In this study, a detailed plan for the experiment is developed to characterize methane explosion characteristics under different geometric configurations. The methane concentration of 9.5% was chosen to represent the stoichiometric condition. Under this concentration, seven groups of tests were conducted with and without geometrical changes. The geometric changes tested include four major types of bends with the bending angles of 50°, 90°, 120°, and 140°; and obstacles with three blockage-ratios of 25%, 50%, and 75%. Tests were repeated with an “acceleration spiral” used to characterize the explosion in airways with obstructions within the gas-filled section. The flame could be accelerated due to a further stretching of the flame front in the vicinity of the spiral [12]. The results of the experiments with the presence of an acceleration spiral will not be included, but will be used as a reference to the 2D numerical simulations. Each scenario was repeated three times to increase accuracy. For detailed instruction of experimental instruments and procedure please refer to our previous work [13].

2.4. Experimental Results

The maximum recorded overpressures upstream and downstream of a selected geometric change in each prescribed scenarios are listed in

Table 1. Experimental overpressures and Attenuation Factors (Pa/Pa).

Bends and BRs	Upstream (P0)/Pa	Downstream (P1)/Pa	η *
50° Bending	90,604	50,098	1.726
90° Bending	43,037	41,284	1.131
120° Bending	213,920	304,181	0.703
140° Bending	76,571	85,128	0.945
BR 25%	99,981	90,871	1.1
BR 50%	93,003	70,116	1.326
BR 75%	33,224	18,878	1.759

* η refers to the attenuation factor defined by η = P₀/P₁ [6]. BR represents the blockage ratio.

.

As shown by the experimental attenuation factor (η) for bends in Table 1, this factor is observed to be inversely proportional to bending, with ranges between 0° and 120°. The blockage effect is more obvious in smaller angles, and the attenuation factor drops below one in bending angles of 120° and 140°, before it increases back to one at 180°. The greatest η value of 1.726 is found at a 50° bend, since the blast-wave can hardly go through it, and reflections are also constrained by this geometry.

For obstacles with different blockage-ratios (BR), the trend of the attenuation factor change is simpler than those found in bends, it increases with the BR monotonically. The greatest η recorded is 1.759 obtained when the BR is equal to 75%. The observation suggests that larger blockage ratios tend to attenuate a blast-wave more significantly.
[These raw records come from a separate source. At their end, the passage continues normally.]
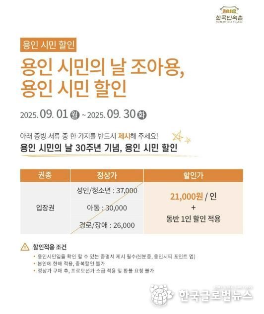 (한국글로벌뉴스 - 박소연 기자) 용인특례시는 ‘제30회 용인시민의 날’을 기념해 9월 한국민속촌과 용인투어패스를 할인 제공하는 특별 행사를 진행한다고 8일 밝혔다.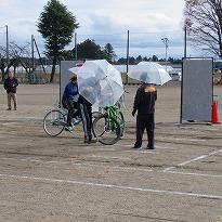 ●交通違反(一時停止無視や右側通行、ながら運転、傘をしての運転など)の自転車が車と接触する演習では、スタントマンが車にぶつかったり、ボンネットに乗ってしまうような演習を見ることができました。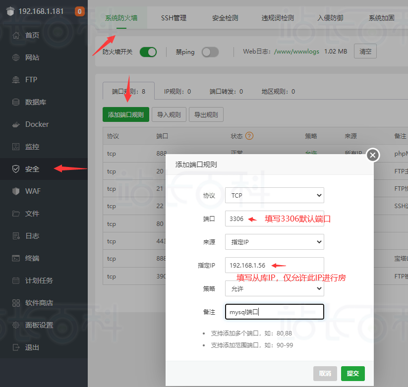 2、在主库服务器上放行3306端口,允许从服务器进行连接。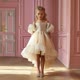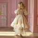 She wore a luxurious champagne-colored organza dress (also available in white, light ivory, and ivory), which embodies a fairy-tale aesthetic. The dress has an open neckline with large, soft puff sleeves made of sheer, lightweight fabric, creating a delicate, airy volume. The bodice is form-fitting and smooth, emphasizing the waist, while the skirt flows into multi-layered cascading tiers of semi-transparent organza. Each tier ends with wide rounded ruffles that beautifully reflect the light, giving the dress a flowing, cloud-like appearance. The hem is asymmetrical—shorter at the front, revealing the ankles, and elegantly elongated at the back, forming a thin train (the train in this model is removable).

Future experimental investigation needs to be conducted for more cases having a wider range of bending angles, which is beyond the scope of this research.

3. Numerical Modeling

The modeling of methane explosions is based on conservation equations which are known as governing equations in fluid mechanics. In a methane explosion, Mach number can reach as high as 2 [14]. The variation of density should be taken into account. The compressibility adds considerable complexities to the work. Therefore, assumptions are required to simplify the simulation. Based on the two-region theory, the explosion is divided into two relatively independent sections. In this study, only the pure blast-wave region will be simulated [15]. All of the reaction in the flame-dominated region (Figure 2) will not be considered. Instead, the boundary conditions of scenarios will be assigned by experimental results. The simulations seek to repeat the experiment and validate the modeling.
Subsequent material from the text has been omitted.